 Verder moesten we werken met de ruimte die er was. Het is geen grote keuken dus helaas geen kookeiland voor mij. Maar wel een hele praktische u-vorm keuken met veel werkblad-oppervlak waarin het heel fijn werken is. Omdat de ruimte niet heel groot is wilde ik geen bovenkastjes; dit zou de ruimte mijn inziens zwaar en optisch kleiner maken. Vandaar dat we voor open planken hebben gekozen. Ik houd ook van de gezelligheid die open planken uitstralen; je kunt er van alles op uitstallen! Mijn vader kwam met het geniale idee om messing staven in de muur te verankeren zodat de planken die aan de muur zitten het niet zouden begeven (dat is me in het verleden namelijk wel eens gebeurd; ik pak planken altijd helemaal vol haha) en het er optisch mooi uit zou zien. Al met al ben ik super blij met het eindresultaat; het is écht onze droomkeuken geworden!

* * *

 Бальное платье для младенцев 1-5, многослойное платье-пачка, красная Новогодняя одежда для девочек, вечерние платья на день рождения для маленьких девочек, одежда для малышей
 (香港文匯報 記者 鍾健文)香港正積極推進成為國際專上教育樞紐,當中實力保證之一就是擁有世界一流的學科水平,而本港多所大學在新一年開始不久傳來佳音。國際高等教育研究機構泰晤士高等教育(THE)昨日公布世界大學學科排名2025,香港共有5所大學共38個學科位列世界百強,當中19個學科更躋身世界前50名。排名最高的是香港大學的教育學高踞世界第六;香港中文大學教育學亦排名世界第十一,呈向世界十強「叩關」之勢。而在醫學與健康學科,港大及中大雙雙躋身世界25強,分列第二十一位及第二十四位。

==

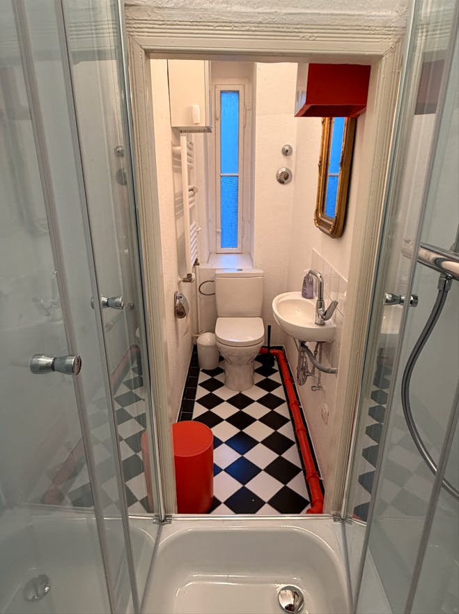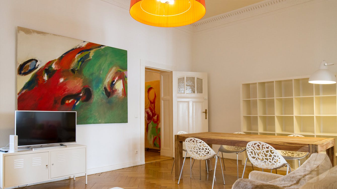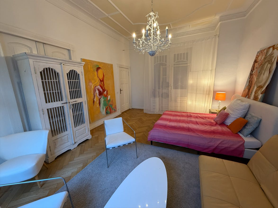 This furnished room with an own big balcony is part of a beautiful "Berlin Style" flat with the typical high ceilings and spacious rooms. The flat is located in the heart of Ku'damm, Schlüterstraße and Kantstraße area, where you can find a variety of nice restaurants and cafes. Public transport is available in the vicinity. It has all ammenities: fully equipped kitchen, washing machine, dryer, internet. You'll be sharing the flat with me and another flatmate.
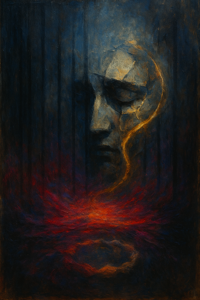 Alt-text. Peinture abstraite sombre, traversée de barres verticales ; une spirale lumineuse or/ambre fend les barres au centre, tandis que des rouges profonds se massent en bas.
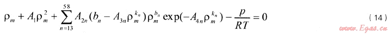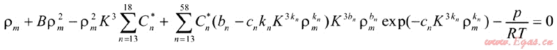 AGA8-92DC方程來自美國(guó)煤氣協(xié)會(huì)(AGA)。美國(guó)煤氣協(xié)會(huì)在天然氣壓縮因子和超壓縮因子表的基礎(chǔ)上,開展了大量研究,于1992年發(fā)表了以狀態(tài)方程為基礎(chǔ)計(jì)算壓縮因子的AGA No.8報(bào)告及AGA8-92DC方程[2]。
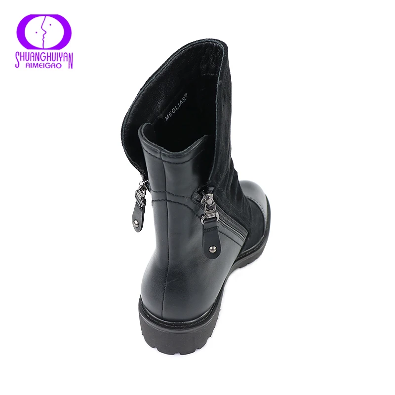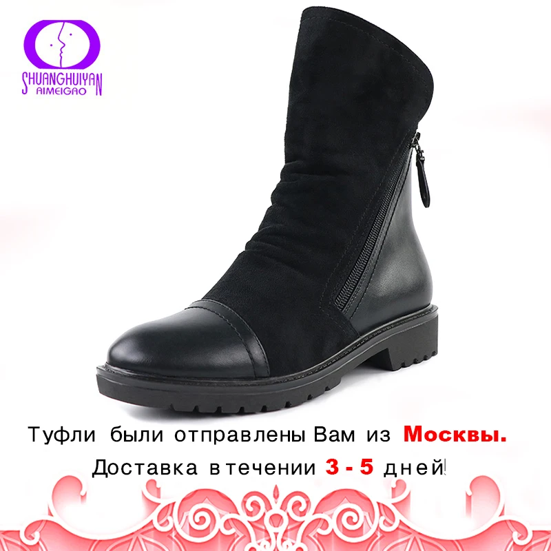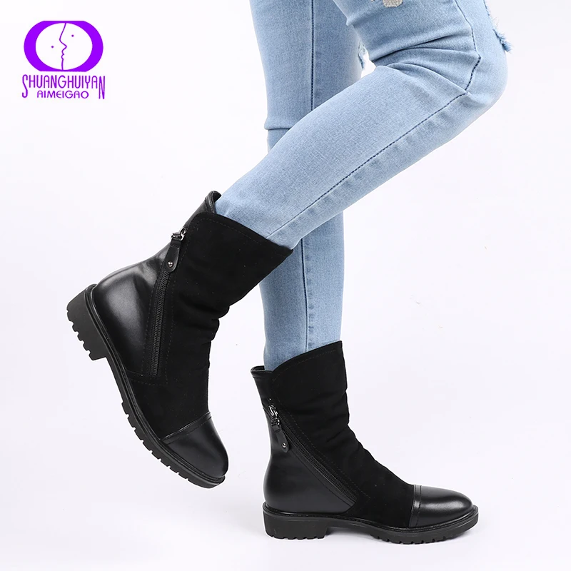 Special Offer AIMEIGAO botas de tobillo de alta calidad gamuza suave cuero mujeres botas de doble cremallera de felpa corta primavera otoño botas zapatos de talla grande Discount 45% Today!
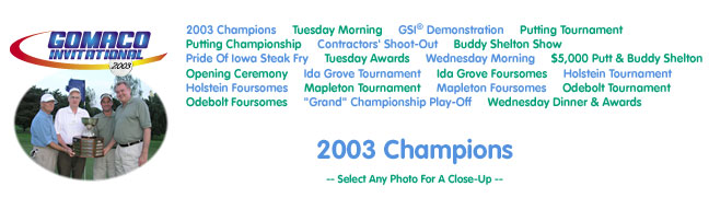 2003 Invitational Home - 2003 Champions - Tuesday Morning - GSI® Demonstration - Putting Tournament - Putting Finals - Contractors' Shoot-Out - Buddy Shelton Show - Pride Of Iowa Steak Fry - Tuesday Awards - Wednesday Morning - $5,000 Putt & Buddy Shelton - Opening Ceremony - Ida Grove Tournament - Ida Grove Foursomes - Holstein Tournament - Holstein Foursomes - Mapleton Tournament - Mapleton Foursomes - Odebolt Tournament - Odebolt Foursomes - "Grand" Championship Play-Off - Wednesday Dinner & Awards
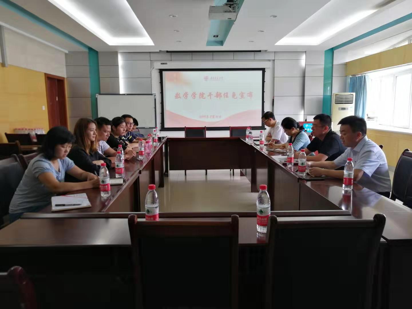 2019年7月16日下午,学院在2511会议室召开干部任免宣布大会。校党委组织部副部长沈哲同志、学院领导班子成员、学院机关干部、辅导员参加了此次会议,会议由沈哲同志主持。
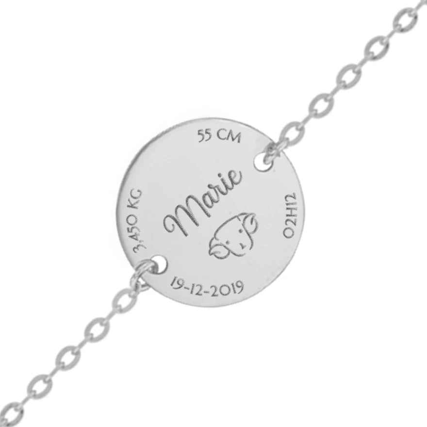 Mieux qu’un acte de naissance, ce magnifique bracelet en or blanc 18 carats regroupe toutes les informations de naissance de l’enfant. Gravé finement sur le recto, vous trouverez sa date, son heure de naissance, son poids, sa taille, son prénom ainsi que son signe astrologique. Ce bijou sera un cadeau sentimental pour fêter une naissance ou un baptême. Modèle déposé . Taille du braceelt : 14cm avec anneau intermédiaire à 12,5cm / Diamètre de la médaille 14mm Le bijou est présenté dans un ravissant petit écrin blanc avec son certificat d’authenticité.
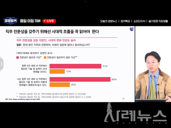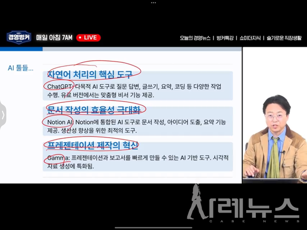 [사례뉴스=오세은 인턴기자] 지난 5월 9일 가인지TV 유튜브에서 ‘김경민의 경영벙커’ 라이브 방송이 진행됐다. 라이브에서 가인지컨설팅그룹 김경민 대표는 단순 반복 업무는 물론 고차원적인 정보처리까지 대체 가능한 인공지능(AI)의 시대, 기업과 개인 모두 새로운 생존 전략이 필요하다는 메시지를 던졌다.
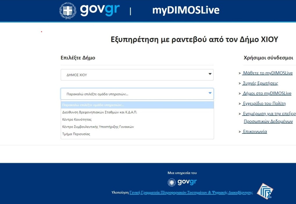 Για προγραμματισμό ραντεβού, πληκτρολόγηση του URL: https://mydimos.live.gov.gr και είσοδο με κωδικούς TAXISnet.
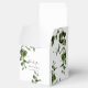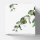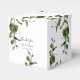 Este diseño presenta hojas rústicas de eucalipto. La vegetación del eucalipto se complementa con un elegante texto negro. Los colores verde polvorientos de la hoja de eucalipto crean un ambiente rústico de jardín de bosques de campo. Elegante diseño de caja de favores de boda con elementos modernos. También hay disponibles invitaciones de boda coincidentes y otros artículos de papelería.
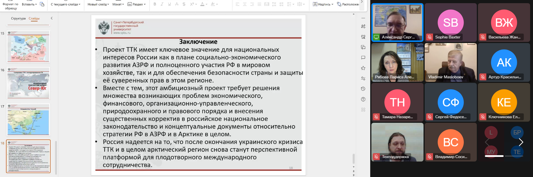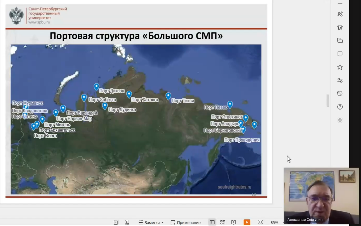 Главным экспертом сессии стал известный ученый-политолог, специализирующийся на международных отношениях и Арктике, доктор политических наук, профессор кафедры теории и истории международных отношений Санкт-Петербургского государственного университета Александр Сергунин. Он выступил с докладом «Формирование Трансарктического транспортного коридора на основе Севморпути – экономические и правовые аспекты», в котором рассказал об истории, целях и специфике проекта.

* [THE TASK] When you reach the line containing "Alt-text. Peinture abstraite" in the entries above, begin restating word for word, and stop once the line containing "2019年7月16日下午,学" has been given. Omit the pictures.

* [WRITTEN REPLY]
 Alt-text. Peinture abstraite sombre, traversée de barres verticales ; une spirale lumineuse or/ambre fend les barres au centre, tandis que des rouges profonds se massent en bas.
 AGA8-92DC方程來自美國(guó)煤氣協(xié)會(huì)(AGA)。美國(guó)煤氣協(xié)會(huì)在天然氣壓縮因子和超壓縮因子表的基礎(chǔ)上,開展了大量研究,于1992年發(fā)表了以狀態(tài)方程為基礎(chǔ)計(jì)算壓縮因子的AGA No.8報(bào)告及AGA8-92DC方程[2]。
 Special Offer AIMEIGAO botas de tobillo de alta calidad gamuza suave cuero mujeres botas de doble cremallera de felpa corta primavera otoño botas zapatos de talla grande Discount 45% Today!
 2003 Invitational Home - 2003 Champions - Tuesday Morning - GSI® Demonstration - Putting Tournament - Putting Finals - Contractors' Shoot-Out - Buddy Shelton Show - Pride Of Iowa Steak Fry - Tuesday Awards - Wednesday Morning - $5,000 Putt & Buddy Shelton - Opening Ceremony - Ida Grove Tournament - Ida Grove Foursomes - Holstein Tournament - Holstein Foursomes - Mapleton Tournament - Mapleton Foursomes - Odebolt Tournament - Odebolt Foursomes - "Grand" Championship Play-Off - Wednesday Dinner & Awards
 2019年7月16日下午,学院在2511会议室召开干部任免宣布大会。校党委组织部副部长沈哲同志、学院领导班子成员、学院机关干部、辅导员参加了此次会议,会议由沈哲同志主持。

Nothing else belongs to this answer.